Вскоре женщины стали собираться у нас в доме; они шушукались, секретничали, отсылали меня из дома, ведь мальчику не пристало слушать женские разговоры. Однажды на рассвете мама начала стонать. Собравшиеся женщины тут же завесили мамину кровать простынями, а меня отправили за повитухой — гойкой по имени Пакацова.
— Беги скорее и тащи ее сюда! — наказала мне Трейтлиха.
Ей не нужно было меня просить, потому что в детстве беготня была для меня самым естественным занятием. Я все время бегал. На этот раз я мчался как вихрь. Повитухи не оказалось дома — она была в поле, копала перед зимой последнюю картошку. Невысокая, толстая гойка отложила лопату, повязала фартук и, как была в поле — с грязными, перепачканными землей руками, босая, хотя уже наступили холода, — так и отправилась к маме за простыни.
Через несколько часов родилась девочка с рыжими волосами — вся в маму, которая тоже была рыжеволосой.
Хасиды в бесмедреше шутили и насмешничали, когда в субботу, во время чтения Торы, папа нарек новорожденную дочку Сорой[248]. Среди хасидов рождение дочери почиталось делом непочтенным. Часто даже случалось, что отца девочки молодые люди из хасидских семей хлестали своими кушаками; понятно, что у нас дома не стали устраивать никакого застолья. Обывателей просто угостили во время кидуша водкой и песочным печеньем. Для девочки и этого было достаточно.
У мамы не хватало молока, и поэтому младенец часто плакал. Я постоянно вставал на рассвете и качал колыбельку, стоявшую возле маминой кровати. При этом я сгонял тучи мух, усаживавшихся ребенку прямо на личико…
Жизнь в нашем доме стала еще тяжелее. Кроме детского плача, ничто не нарушало по-прежнему царившей в нем скуки. Но вдруг эта скука оказалась прервана разгоревшейся в местечке распрей. Как всегда бывает в еврейских местечках, вспыхнула она по религиозному вопросу.

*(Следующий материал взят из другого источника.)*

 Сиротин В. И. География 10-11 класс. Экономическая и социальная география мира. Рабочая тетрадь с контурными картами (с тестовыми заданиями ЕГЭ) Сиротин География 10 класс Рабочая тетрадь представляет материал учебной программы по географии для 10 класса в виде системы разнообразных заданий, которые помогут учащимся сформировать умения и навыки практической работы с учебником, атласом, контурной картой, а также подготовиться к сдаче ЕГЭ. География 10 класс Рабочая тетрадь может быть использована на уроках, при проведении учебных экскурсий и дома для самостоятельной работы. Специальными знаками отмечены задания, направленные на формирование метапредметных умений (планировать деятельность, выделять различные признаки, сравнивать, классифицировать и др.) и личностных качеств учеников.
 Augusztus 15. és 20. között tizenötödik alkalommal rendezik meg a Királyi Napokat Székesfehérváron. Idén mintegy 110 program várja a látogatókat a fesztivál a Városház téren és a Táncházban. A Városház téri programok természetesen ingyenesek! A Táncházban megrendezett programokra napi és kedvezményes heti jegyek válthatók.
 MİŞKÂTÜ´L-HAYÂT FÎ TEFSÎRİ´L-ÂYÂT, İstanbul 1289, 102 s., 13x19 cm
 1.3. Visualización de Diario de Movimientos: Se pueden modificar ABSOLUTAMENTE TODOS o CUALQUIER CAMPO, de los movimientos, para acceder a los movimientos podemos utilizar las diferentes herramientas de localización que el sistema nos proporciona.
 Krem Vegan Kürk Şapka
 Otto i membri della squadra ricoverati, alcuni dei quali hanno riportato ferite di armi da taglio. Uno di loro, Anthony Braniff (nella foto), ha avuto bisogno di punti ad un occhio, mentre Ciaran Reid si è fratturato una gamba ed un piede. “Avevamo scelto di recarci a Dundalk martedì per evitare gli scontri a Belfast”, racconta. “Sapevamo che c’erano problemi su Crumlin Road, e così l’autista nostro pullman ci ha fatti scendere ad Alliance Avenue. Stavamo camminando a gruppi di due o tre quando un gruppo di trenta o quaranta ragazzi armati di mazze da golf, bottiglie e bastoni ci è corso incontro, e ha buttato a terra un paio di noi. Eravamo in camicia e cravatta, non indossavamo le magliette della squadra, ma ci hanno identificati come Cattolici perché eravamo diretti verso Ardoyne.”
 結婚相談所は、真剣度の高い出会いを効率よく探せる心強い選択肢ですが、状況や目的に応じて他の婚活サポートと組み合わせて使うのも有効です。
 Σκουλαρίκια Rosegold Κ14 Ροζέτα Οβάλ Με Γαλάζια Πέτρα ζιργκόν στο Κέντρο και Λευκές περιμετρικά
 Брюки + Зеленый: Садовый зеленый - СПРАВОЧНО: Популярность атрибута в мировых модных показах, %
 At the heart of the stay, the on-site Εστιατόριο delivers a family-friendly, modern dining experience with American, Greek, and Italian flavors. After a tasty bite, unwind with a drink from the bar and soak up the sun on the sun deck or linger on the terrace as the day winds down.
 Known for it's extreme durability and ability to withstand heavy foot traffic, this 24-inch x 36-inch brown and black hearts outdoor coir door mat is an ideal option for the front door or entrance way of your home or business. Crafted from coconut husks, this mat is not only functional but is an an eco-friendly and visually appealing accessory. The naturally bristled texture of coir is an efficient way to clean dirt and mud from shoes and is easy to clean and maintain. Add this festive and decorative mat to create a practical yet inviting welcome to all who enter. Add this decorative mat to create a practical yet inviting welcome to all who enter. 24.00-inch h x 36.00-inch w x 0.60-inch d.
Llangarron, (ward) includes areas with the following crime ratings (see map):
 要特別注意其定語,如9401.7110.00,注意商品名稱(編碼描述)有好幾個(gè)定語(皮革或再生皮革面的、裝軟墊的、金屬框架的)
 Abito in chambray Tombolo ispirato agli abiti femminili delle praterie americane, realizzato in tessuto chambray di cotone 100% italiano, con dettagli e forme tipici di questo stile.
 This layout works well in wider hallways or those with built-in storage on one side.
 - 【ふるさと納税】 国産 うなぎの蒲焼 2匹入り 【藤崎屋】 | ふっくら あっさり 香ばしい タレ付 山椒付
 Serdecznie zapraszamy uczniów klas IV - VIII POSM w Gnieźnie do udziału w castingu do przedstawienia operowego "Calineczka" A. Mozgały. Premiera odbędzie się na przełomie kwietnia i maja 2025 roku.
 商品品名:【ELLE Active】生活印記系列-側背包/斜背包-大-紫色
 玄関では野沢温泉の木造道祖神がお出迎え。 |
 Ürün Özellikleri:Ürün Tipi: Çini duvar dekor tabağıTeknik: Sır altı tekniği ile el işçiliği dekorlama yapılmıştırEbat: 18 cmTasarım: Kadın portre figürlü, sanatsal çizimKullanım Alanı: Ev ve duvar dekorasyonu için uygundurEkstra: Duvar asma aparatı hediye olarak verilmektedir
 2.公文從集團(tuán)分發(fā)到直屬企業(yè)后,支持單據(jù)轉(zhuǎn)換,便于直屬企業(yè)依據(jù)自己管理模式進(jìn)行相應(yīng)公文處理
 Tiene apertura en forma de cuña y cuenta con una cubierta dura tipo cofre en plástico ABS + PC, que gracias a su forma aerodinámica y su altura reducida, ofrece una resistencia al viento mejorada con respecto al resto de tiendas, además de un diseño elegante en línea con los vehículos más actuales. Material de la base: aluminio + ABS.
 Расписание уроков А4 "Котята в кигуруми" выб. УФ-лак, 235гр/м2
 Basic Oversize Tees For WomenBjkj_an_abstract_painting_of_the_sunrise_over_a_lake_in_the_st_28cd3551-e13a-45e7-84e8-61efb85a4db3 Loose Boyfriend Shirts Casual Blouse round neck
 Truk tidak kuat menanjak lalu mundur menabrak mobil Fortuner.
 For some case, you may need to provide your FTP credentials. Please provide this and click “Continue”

В тот раз все случилось из-за резника реб Иче-шойхета и его шхиты.
Реб Иче-шойхет был пожилой, благочестивый человек, ученый и умный, такому пристало бы быть резником в городе побольше нашего. Кроме того, он был близким другом моего отца и часто заходил к нам — не только затем, чтобы показать отцу свои ножи, но и просто в гости. По субботам и праздникам он, так же как отец, надевал на голову штраймл. А когда отца не было дома, он даже мог сам вынести решение по галахическому вопросу. Я часто бывал дома у реб Иче-шойхета. Дело в том, что этот реб Иче был не только шойхетом и моелем, но еще и большим знатоком по части заговаривания сглаза. Никто не умел заговорить сглаз такими необыкновенными словами и стихами из Писания, как реб Иче. Женщины в местечке говорили, что от его заговоров сглаз как рукой снимает. Он был мастером заговаривать сглаз, зато его жена, Сора-шойхетша, была мастерицей «сглаживать». Это была старая, морщинистая женщина с темным, как у цыганки, лицом и черными как уголь злыми глазками, с бородавками и волосками на подбородке. Рот ее все время двигался: она постоянно что-то бормотала и нашептывала. Эта старуха в шали, повязанной поверх старого засаленного чепца, беспрерывно разговаривала сама с собой, ругалась и ворчала. Не знаю, было ли дело в том, как она выглядела, или же в ее постоянном бормотании, но только помню, что ее считали очень «глазливой». Когда она показывалась на улице, женщины хватали детей и бросались врассыпную. Стоило в местечке заболеть ребенку, сразу говорили, что это шойхетша его сглазила. Для начала ребенка пытались исцелить так: нужно было подкрасться к шойхетше, оторвать от ее вечной шали ниточку бахромы и сжечь эту ниточку на горячих углях в глиняном горшке. Шойхетша все время ходила в шали с обтрепанной бахромой и гнала от себя женщин, пытавшихся оторвать ниточку.
— Чтоб по тебе надорвали край одежды[249], Господи! — проклинала она. — Чтоб тебя разорвало…
Если сожженная ниточка не помогала, шли к реб Иче, чтобы он заговорил сглаз. Получалось, что реб Иче приходилось заговаривать сглаз, источником которого была его собственная жена. Старуха так и кипела от злости, когда женщины приходили к ее мужу и просили его заговорить сглаз. Считалось, что, если реб Иче зевает после заговаривания[250], значит, это действительно был сглаз, а не какая-то другая болезнь. А реб Иче в таких случаях всегда зевал. Сора-шойхетша, любившая своего мужа и преклонявшаяся перед ним, заявляла, что он, бедняга, зевая, порвет себе рот.